▶ **What this task involves**
All records below must be written out exactly, with the pictures excluded.

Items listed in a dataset
BEGIN
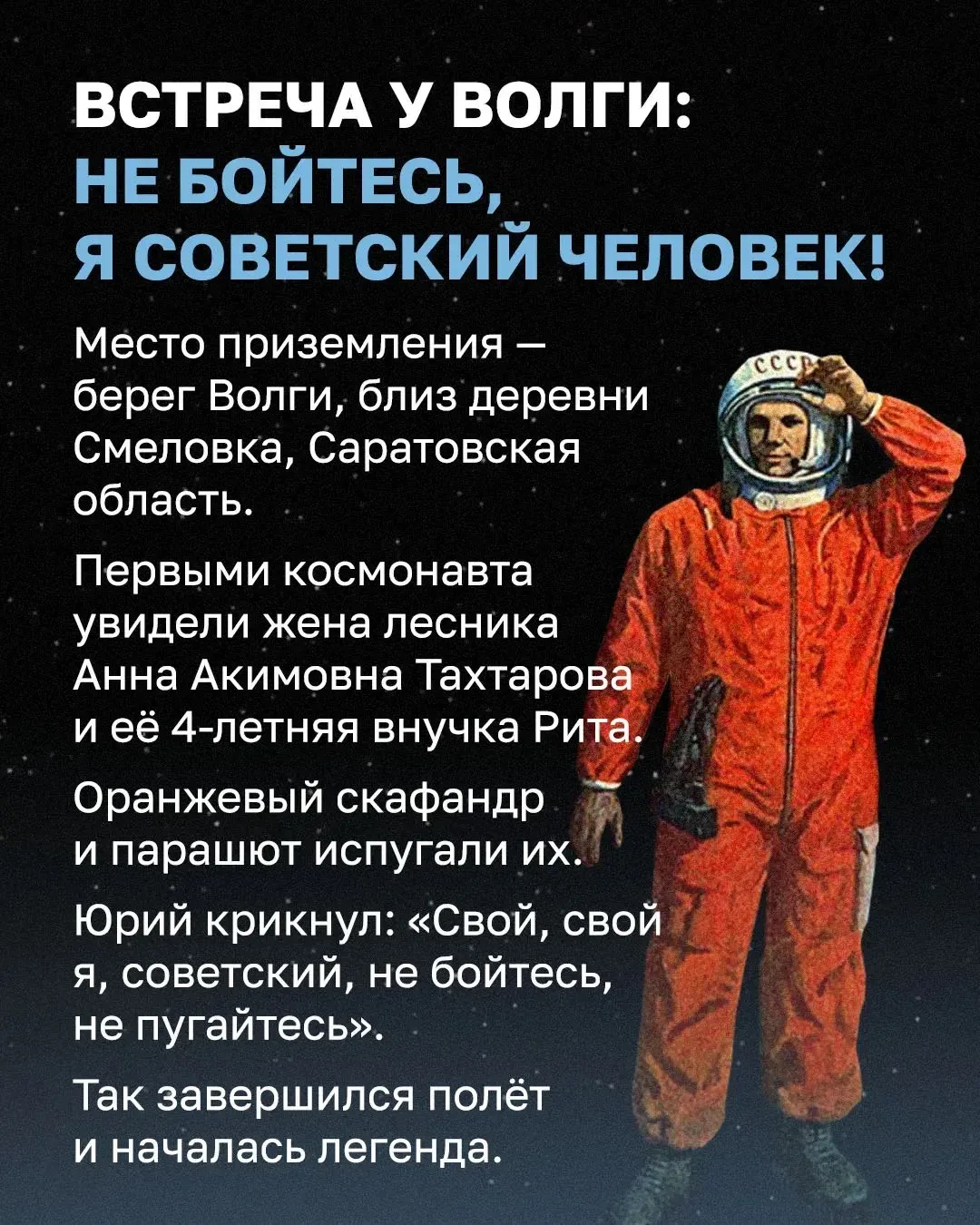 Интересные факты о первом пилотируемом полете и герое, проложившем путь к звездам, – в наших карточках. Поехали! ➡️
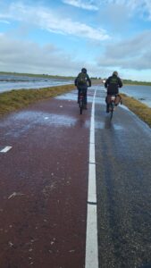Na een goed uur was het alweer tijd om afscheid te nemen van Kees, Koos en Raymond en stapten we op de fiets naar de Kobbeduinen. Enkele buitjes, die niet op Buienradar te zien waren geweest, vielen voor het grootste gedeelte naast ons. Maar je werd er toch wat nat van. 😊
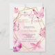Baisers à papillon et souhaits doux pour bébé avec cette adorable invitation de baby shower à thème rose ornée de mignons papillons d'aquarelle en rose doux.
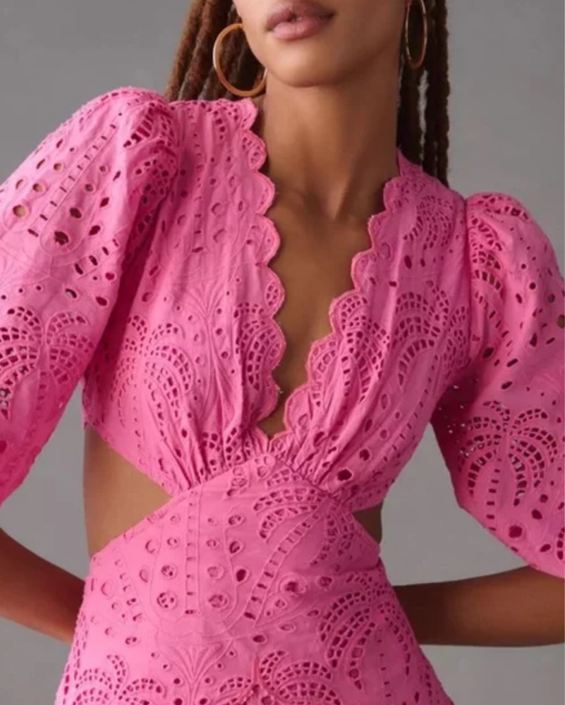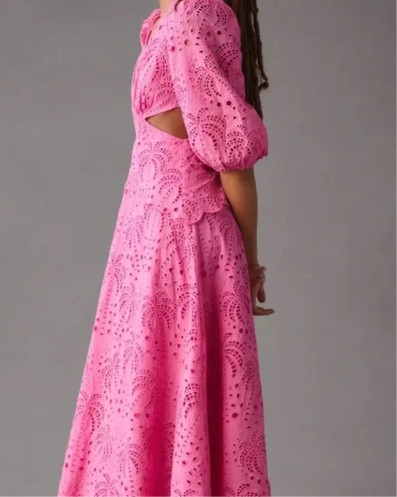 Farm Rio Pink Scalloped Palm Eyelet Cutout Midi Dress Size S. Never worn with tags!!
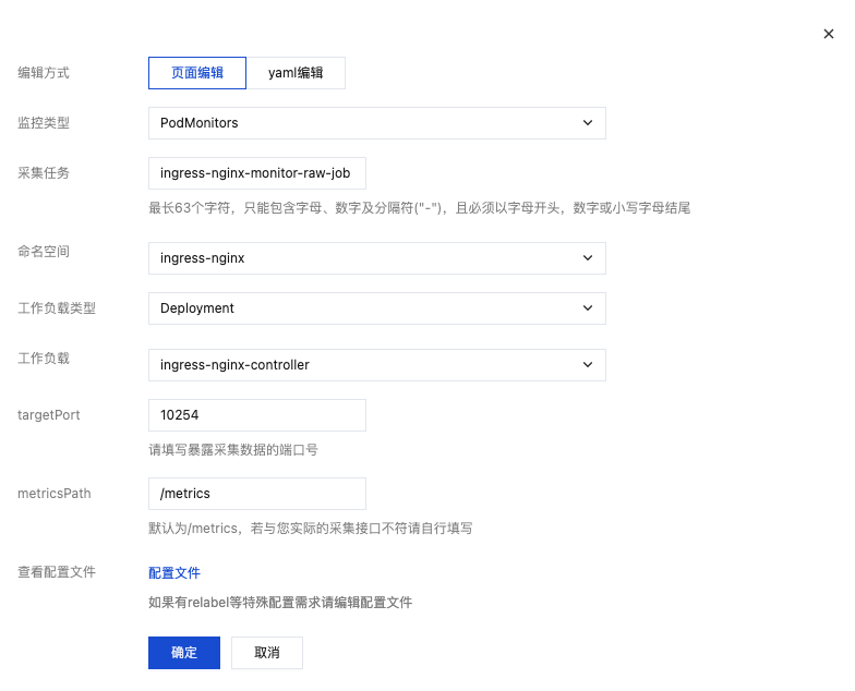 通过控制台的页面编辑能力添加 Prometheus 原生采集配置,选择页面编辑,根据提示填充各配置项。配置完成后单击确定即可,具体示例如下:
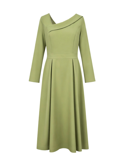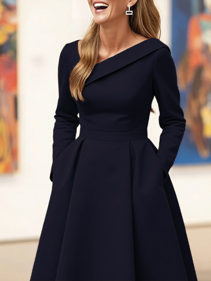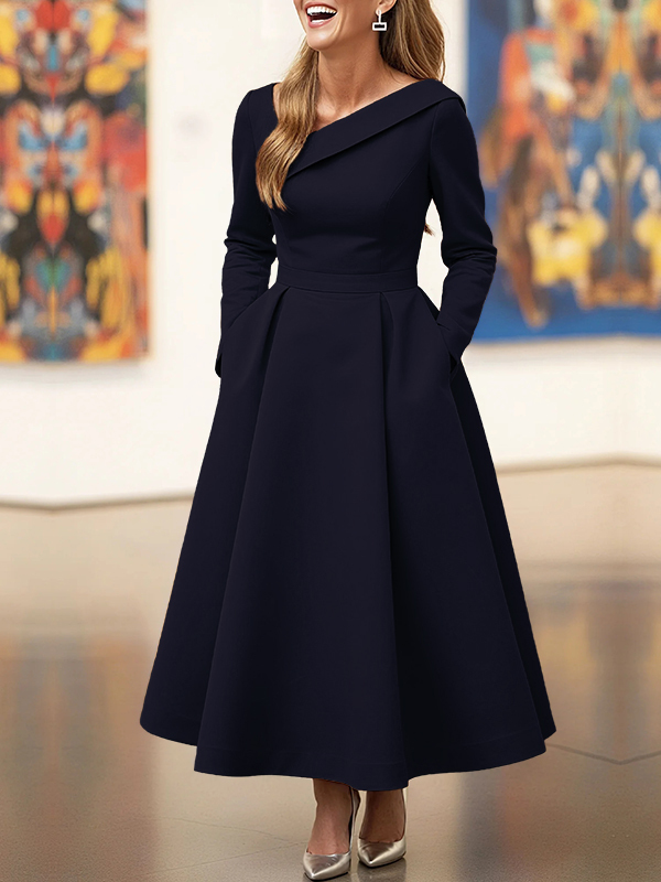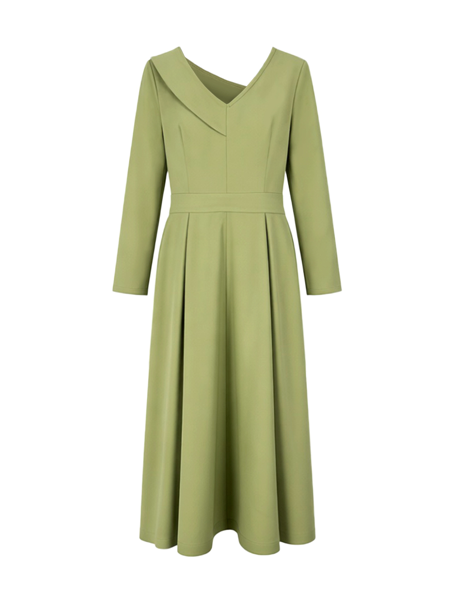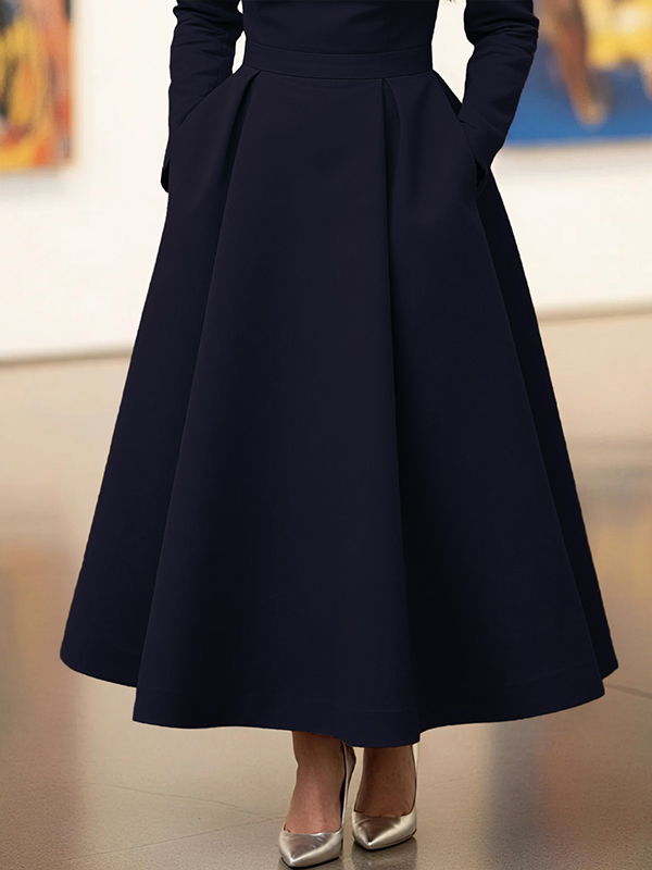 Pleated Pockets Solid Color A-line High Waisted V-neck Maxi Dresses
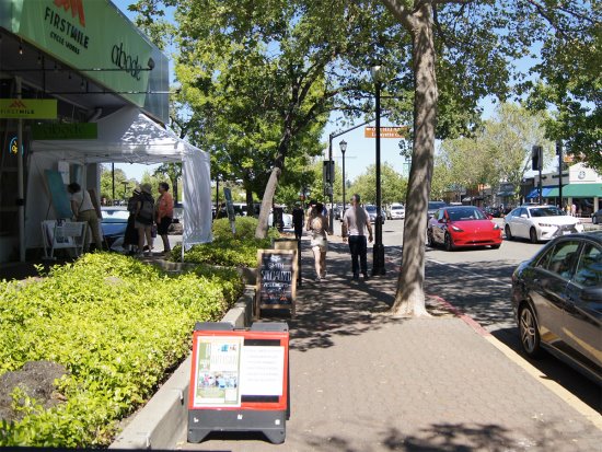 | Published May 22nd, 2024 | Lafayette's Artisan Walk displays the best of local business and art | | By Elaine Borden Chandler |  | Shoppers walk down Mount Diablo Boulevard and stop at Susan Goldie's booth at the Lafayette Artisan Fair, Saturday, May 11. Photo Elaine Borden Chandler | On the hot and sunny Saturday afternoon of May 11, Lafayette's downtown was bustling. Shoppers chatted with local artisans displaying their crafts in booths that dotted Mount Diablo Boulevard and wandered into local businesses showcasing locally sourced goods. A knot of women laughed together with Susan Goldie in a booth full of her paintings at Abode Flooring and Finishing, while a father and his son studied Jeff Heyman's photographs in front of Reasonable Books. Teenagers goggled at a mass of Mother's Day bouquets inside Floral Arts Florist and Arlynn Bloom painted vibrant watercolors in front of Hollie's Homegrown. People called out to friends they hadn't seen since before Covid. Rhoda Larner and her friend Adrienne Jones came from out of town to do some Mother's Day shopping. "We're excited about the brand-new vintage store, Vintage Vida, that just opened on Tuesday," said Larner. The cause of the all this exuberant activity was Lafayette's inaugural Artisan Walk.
END
▶ **Solution for this task**
 Интересные факты о первом пилотируемом полете и герое, проложившем путь к звездам, – в наших карточках. Поехали! ➡️
Na een goed uur was het alweer tijd om afscheid te nemen van Kees, Koos en Raymond en stapten we op de fiets naar de Kobbeduinen. Enkele buitjes, die niet op Buienradar te zien waren geweest, vielen voor het grootste gedeelte naast ons. Maar je werd er toch wat nat van. 😊
Baisers à papillon et souhaits doux pour bébé avec cette adorable invitation de baby shower à thème rose ornée de mignons papillons d'aquarelle en rose doux.
 Farm Rio Pink Scalloped Palm Eyelet Cutout Midi Dress Size S. Never worn with tags!!
 通过控制台的页面编辑能力添加 Prometheus 原生采集配置,选择页面编辑,根据提示填充各配置项。配置完成后单击确定即可,具体示例如下:
 Pleated Pockets Solid Color A-line High Waisted V-neck Maxi Dresses
 | Published May 22nd, 2024 | Lafayette's Artisan Walk displays the best of local business and art | | By Elaine Borden Chandler |  | Shoppers walk down Mount Diablo Boulevard and stop at Susan Goldie's booth at the Lafayette Artisan Fair, Saturday, May 11. Photo Elaine Borden Chandler | On the hot and sunny Saturday afternoon of May 11, Lafayette's downtown was bustling. Shoppers chatted with local artisans displaying their crafts in booths that dotted Mount Diablo Boulevard and wandered into local businesses showcasing locally sourced goods. A knot of women laughed together with Susan Goldie in a booth full of her paintings at Abode Flooring and Finishing, while a father and his son studied Jeff Heyman's photographs in front of Reasonable Books. Teenagers goggled at a mass of Mother's Day bouquets inside Floral Arts Florist and Arlynn Bloom painted vibrant watercolors in front of Hollie's Homegrown. People called out to friends they hadn't seen since before Covid. Rhoda Larner and her friend Adrienne Jones came from out of town to do some Mother's Day shopping. "We're excited about the brand-new vintage store, Vintage Vida, that just opened on Tuesday," said Larner. The cause of the all this exuberant activity was Lafayette's inaugural Artisan Walk.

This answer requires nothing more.